EXCERPTED RECORDS »
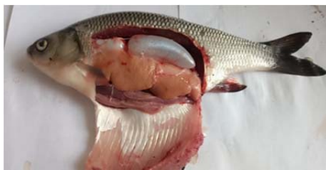
Рисунок 1. – Парные яичники четырехгодовалых самок язя

Так, четырехлетки язя в осенний период, выращенные в поликультуре имели хорошие показатели экстерьера – их масса тела составляла 534 г, а длина – 28,5 см. Масса гонад при этом была 66,2 г. К весне все показатели экстерьера еще больше улучшились. Средняя длина тела самок четырехлетков язя увеличилась на 11,4 см (до 34,40 см), общая средняя масса тела возросла на 438 г (в 5,6 раза) и составила 539,60 г. Цвет яичников изменился и стал ярко-оранжевого цвета. Весной у четырехгодовалых язя масса парных гонад самок увеличилась на 59,7 г (в 10,2 раза) по сравнению с трехлетками и составила 104 г. На основании литературных данных и визуального осмотра было предположено, что половые органы находились на 4 стадии развития. На этой стадии гонады занимают практически всю полость тела, половые продукты не вытекают, кровеносная система хорошо развита [2]. Икринки крупные, желтые, легко отделяются друг от друга, что наглядно видно на рисунке 1. Эти данные свидетельствуют о высокой степени зрелости и хороших условиях выращивания.
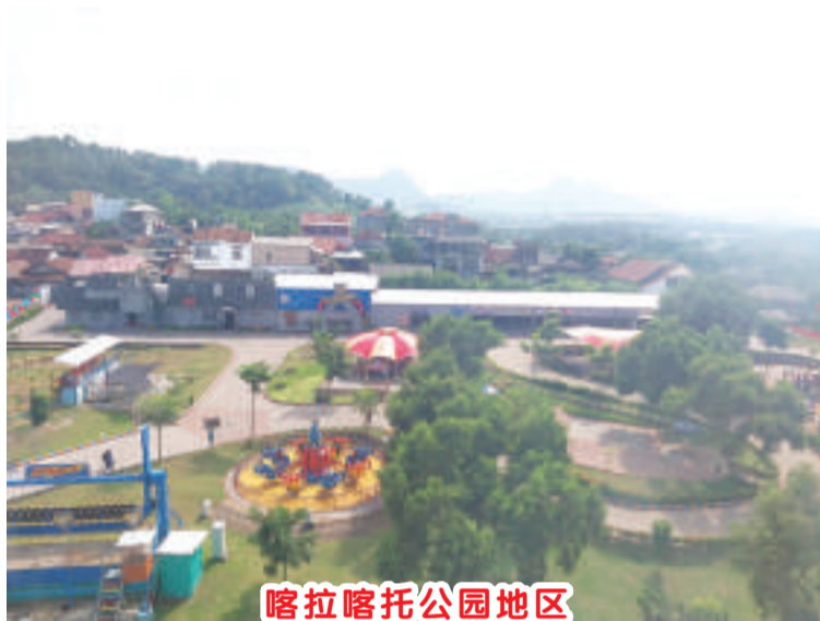
喀拉喀托公园地区
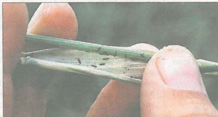
Trips i triticale.

- Anvend omkring 200 l vand, og sprøjt om morgenen. Tripsene kan også gøre skade senere, men så er det rent sprøjteteknisk ikke muligt at ramme dem, oplyser videncentret.
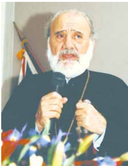
Σεβασμιώτατος Αρχιεπίσκοπος Αυστραλίας κ.κ. Στυλιανός

ποίηση, βήμα προς βήμα, την υποδειγματική πρόοδο της Ενορίας και Κοινότητας Λίβερπουλ και έζησαν από κοντά τα επιτεύγματα - σταθμούς στην μέχρι σήμερα σαραντάχρονη πορεία της.
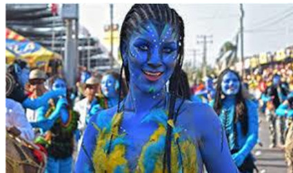
Carnaval y mestizaje
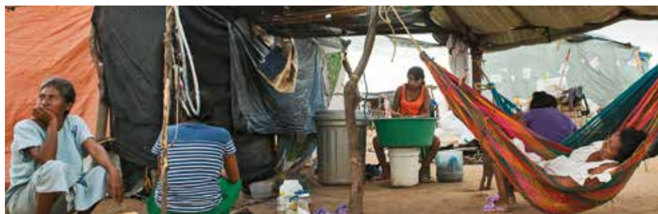
El hacinamiento y la falta de condiciones óptimas de los migrantes incrementan la tasa de pobreza multidimensional.

Por su parte, las condiciones de salud que están relacionadas con el aseguramiento y las barreras de acceso a servicios médicos, aumentaron su contribución a la pobreza multidimensional, principalmente por la privación en el aseguramiento. En 2018, el 11 % de los hogares del país tenía al menos un miembro del hogar sin afiliarse al sistema (superior en 1,4 puntos porcentuales comparado con 2016).
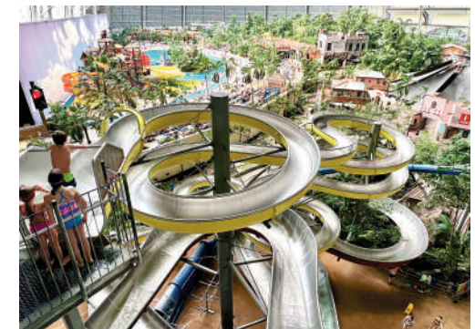
▲帳篷裏的水上遊樂場。

AIM OF THE EXERCISE » Please write out exactly the lines starting at the one that contains "Carnaval y mestizaje" and ending with the final line of the entries, both ends included. Do not write out any pictures.

WORKED SOLUTION »
Carnaval y mestizaje
El hacinamiento y la falta de condiciones óptimas de los migrantes incrementan la tasa de pobreza multidimensional.

Por su parte, las condiciones de salud que están relacionadas con el aseguramiento y las barreras de acceso a servicios médicos, aumentaron su contribución a la pobreza multidimensional, principalmente por la privación en el aseguramiento. En 2018, el 11 % de los hogares del país tenía al menos un miembro del hogar sin afiliarse al sistema (superior en 1,4 puntos porcentuales comparado con 2016).
▲帳篷裏的水上遊樂場。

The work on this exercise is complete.